Kenyan politician and professor

Paul Chepkwony (born in Ainamoi, Kenya) is a Kenyan politician and professor. He was the governor of Kericho County in Kenya. Chepkwony is a member of Jubilee Party.

== Education ==
Paul Chepkwony finished from Kericho High School in 1988. In 1989 he enrolled at Jomo Kenyatta University of Agriculture and Technology and in 1992 he graduated with a bachelor's degree in Chemistry. In 1993 he attended the University of Nairobi and graduated with Masters in Chemistry in 1996. He again attended Jomo Kenyatta University of Agriculture and Technology in 1999 and in 2002 he finished with a PhD in organic chemistry.

== Career ==
Chepkwony began his career as a lecturer at Moi University, where he served for four years.

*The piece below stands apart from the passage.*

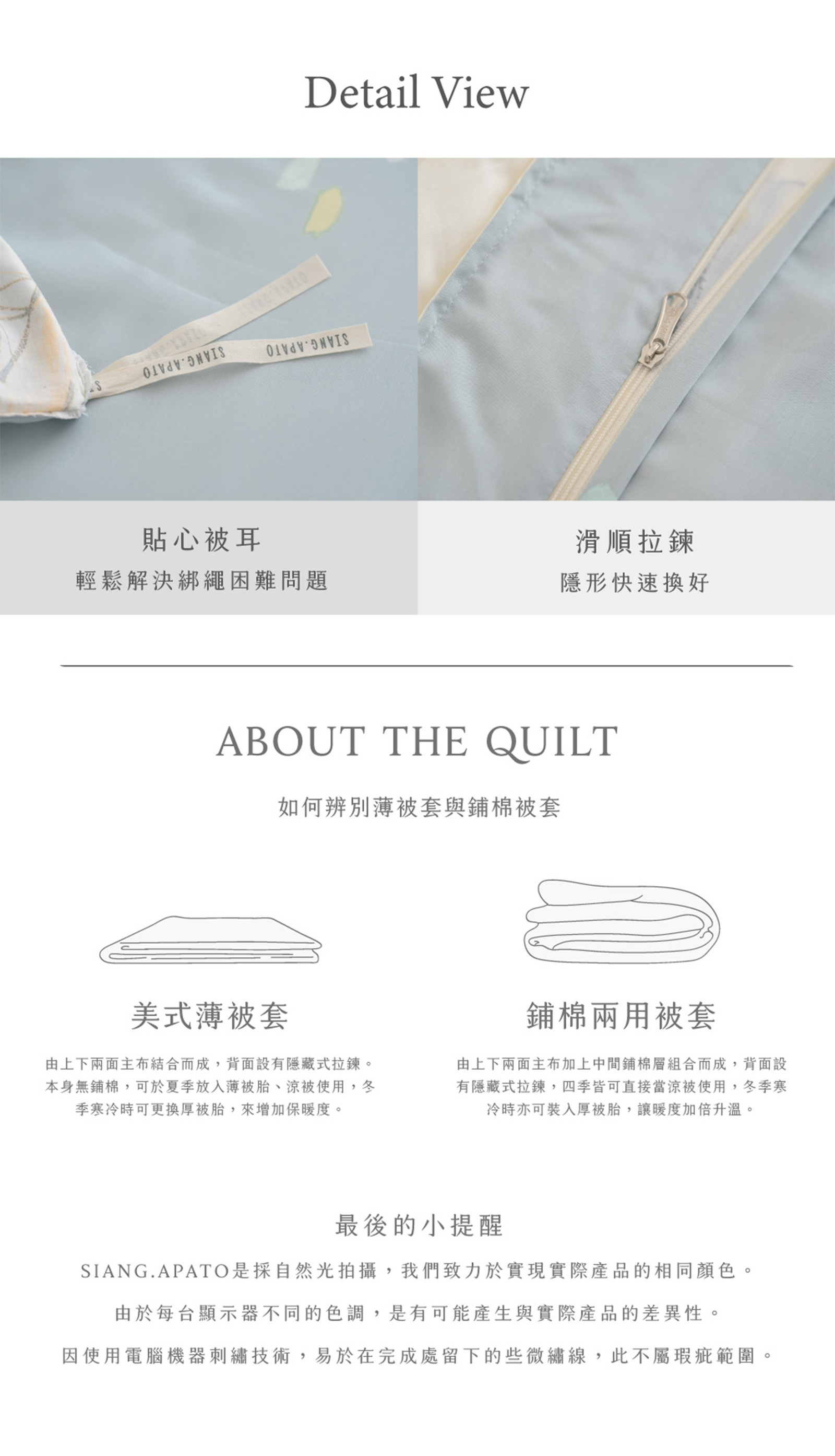 Whisper - 天絲被套 NT$3,560 NT$ 1,780 可國外配送 可國外配送 「低語如風,悄然拂過心海波光。」 ◆ 正廠授權100% Tencel 60支天絲™ ,吸濕透氣 ◆ 高品質萊賽爾LF纖維,觸感細緻滑順 ◆ Made in Taiwan 台灣製造,品質安心 NT$3,560 NT$ 1,780 #天絲#棉被#被套 尺寸 單人雙人 規格 薄被套鋪棉兩用被套 床包尺寸 寬 長 高 公分 床包鋪棉 需要 不需要 被套尺寸 寬 長 公分 被套鋪棉 需要 不需要 價格試算 數量 加入購物車 立即購買 優惠活動 消費滿 990元 即可用優惠價格加購商品 台中購物節合作5倍店家|官網及北屯門市限定! Line詢問 商品細節 尺寸指南 洗滌方式 商品評價(0)

In 2009 he was made an associate professor at Moi University. In 2013 he officially went into politics and became a member of United Republican Party. That same year he ran for Governor of Kericho County and was elected into office. He later joined Jubilee Party and was reelected as Governor of Kericho County during the 2017 elections.

== Scandal ==
In June 2018, Chepkwony was accused of being in a relationship with his deputy Susan Kikwai, an accusation that has never been proved. Among other allegations were his involvement in misuse of public funds, nepotism and being romantically involved with his students at the university, that all turned out to be false allegations.